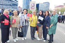 На площади Ленина прошло торжественное прохождение трудовых коллективов. Наш коллектив принял участие в мероприятии.
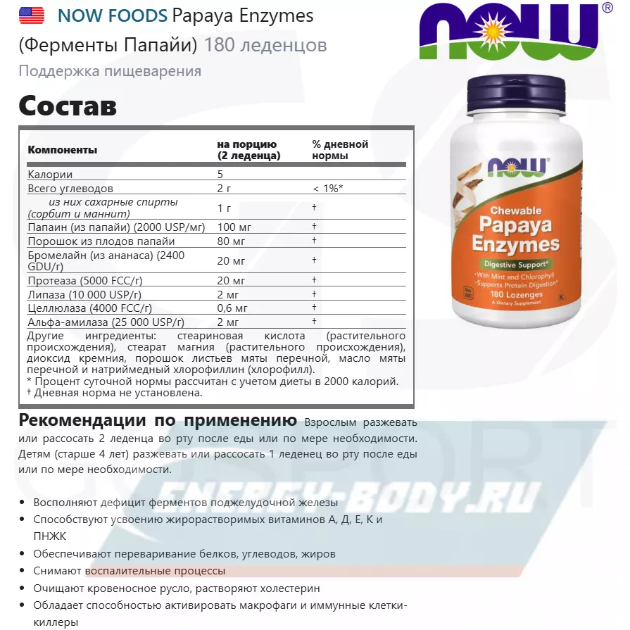 Состав NOW FOODS Papaya Enzymes (Ферменты Папайи)
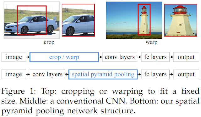 卷積層(Convolution)、池化層(pooling)、全連接層(Fully-Connected)的CNN模型中,模型的架構都是輸入圖經過縮放成固定大小的圖,然後再送入卷積層中計算出特徵圖,再將特徵圖送到全連接層,最後輸出分類結果(如下圖中上方的流程),而縮放/型變的過程多少都會損失圖像特徵;而SPP-Net的架構是在卷積層與全連接層間加入了SPP層,使得不固定大小的輸入圖可以在經過SPP層後擁有固定大小的特徵圖。
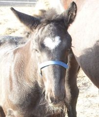 ばん馬の子馬の額にハート 足寄
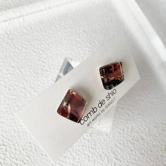 ガラス作家Isakoが、独自の手法で、透明なガラスから彩色・焼成を繰り返し、ひとつひとつ手作業で作り上げた、美しい1点もののガラスピアスです。

--

From the line containing "卷積層(Convolutio" to the last line of the entries, output every line exactly as written, but leave out the pictures.

 卷積層(Convolution)、池化層(pooling)、全連接層(Fully-Connected)的CNN模型中,模型的架構都是輸入圖經過縮放成固定大小的圖,然後再送入卷積層中計算出特徵圖,再將特徵圖送到全連接層,最後輸出分類結果(如下圖中上方的流程),而縮放/型變的過程多少都會損失圖像特徵;而SPP-Net的架構是在卷積層與全連接層間加入了SPP層,使得不固定大小的輸入圖可以在經過SPP層後擁有固定大小的特徵圖。
 ばん馬の子馬の額にハート 足寄
 ガラス作家Isakoが、独自の手法で、透明なガラスから彩色・焼成を繰り返し、ひとつひとつ手作業で作り上げた、美しい1点もののガラスピアスです。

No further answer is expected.